As expected, induced samples showed a decreased growth rate.
2. Ethylene detection
Then, ethylene was detected using a Micro Gas Chromatograph (see the protocol page for the adopted methodology). The instrument was calibrated using two different air mixtures with well-defined quantities of each molecule (carbon dioxide, oxygen and ethylene).
The chromatogram clearly shows the presence of a peak corresponding to ethylene; the peak integral was converted to ppm.
Sample | Ethylene detected |
---|---|
Not induced | 0 ± 15 ppm |
Induced V = 1.5 ml | 61 ± 15 ppm |
Induced V = 3 ml | 101 ± 15 ppm |
3. Kinetic assay for ethylene production
We performed a kinetic assay in order to analyze ethylene production over time (see the protocol page for the adopted method).

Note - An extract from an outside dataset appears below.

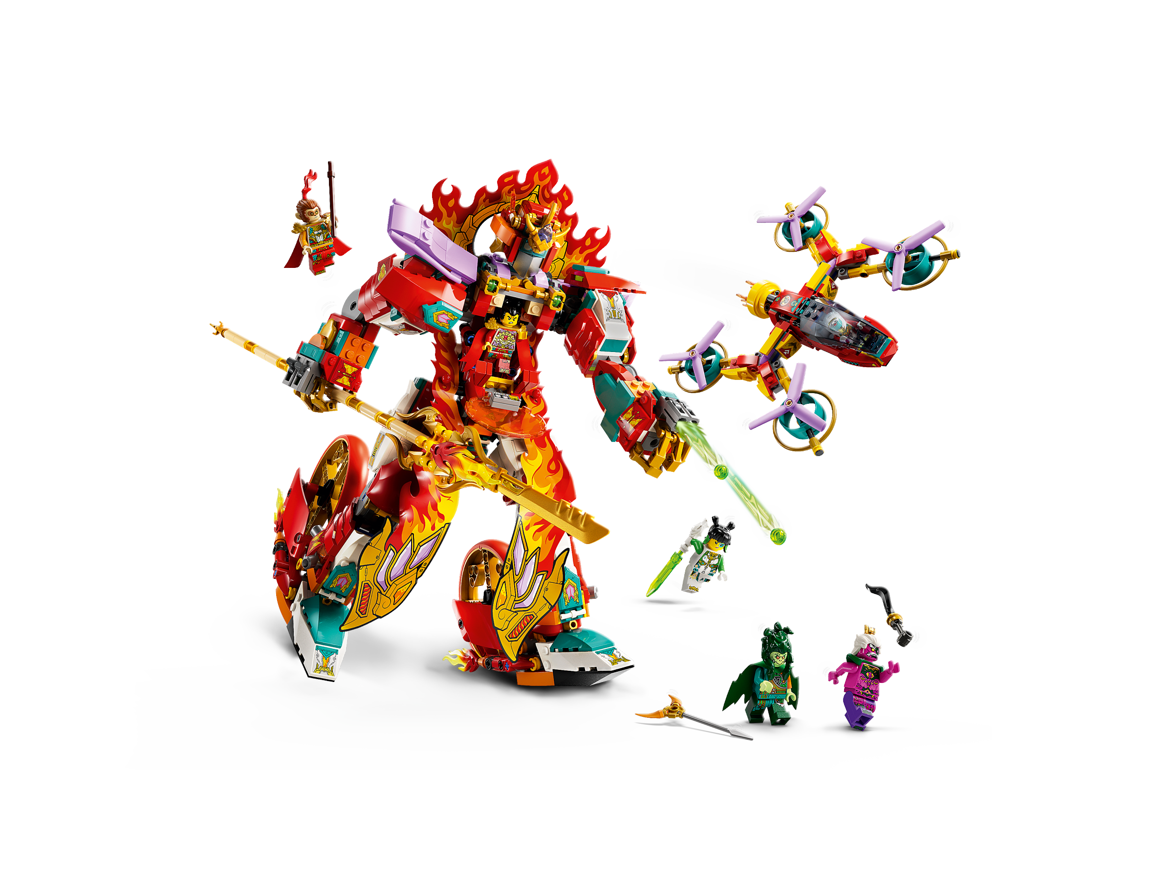 Heroes, adventures and fun await mech toy fans aged 9 and up with this Nezha’s Ring of Fire Mech (80057) LEGO® Monkie Kid™ playset. It makes a cool gift and features a posable mech action figure with wheels, an opening cockpit and 6 fire energy shooters, plus a kids’ drone toy with room for a minifigure. The set includes 6 minifigures: Monkie Kid, Mei, Monkey King, Nezha, the Nine-Headed Demon and the 100-Eyed Demon, plus battle weapons, play starters and a purple Color Stone.
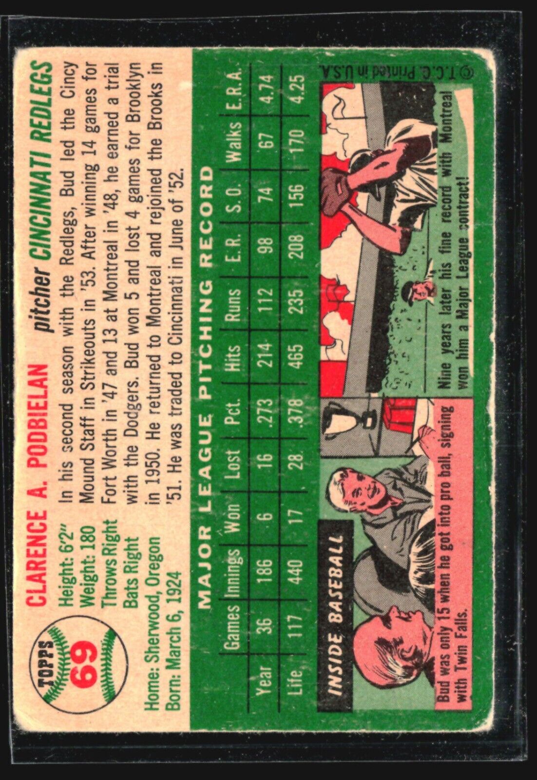 1954 Topps - #69 Bud Podbielan

Figure 3 shows how inducing the culture at O.D.600 equal to 0.8 a.u. caused a 2-fold increase in ethylene production.
E. coli - Blue light circuit
After having characterized Ethylene production using BBa_K1065001, we tried to put EFE under the control of a photoinducible circuit and we then tested his behaviour. We assembled the photoinducible circuit exploiting many subparts from different teams (Uppsala2011 and Berkeley 2006). The construct includes an inverter that allows ethylene production only in presence of light.
Photoinduced ethylene production - kinetic assay
We performed a kinetic assay in order to analyze ethylene production over time using (BBa_K1065XXX). The sample was then exposed to a blue light led (470 nm) while it was connected to the micro GC (see the protocol page for the adopted method).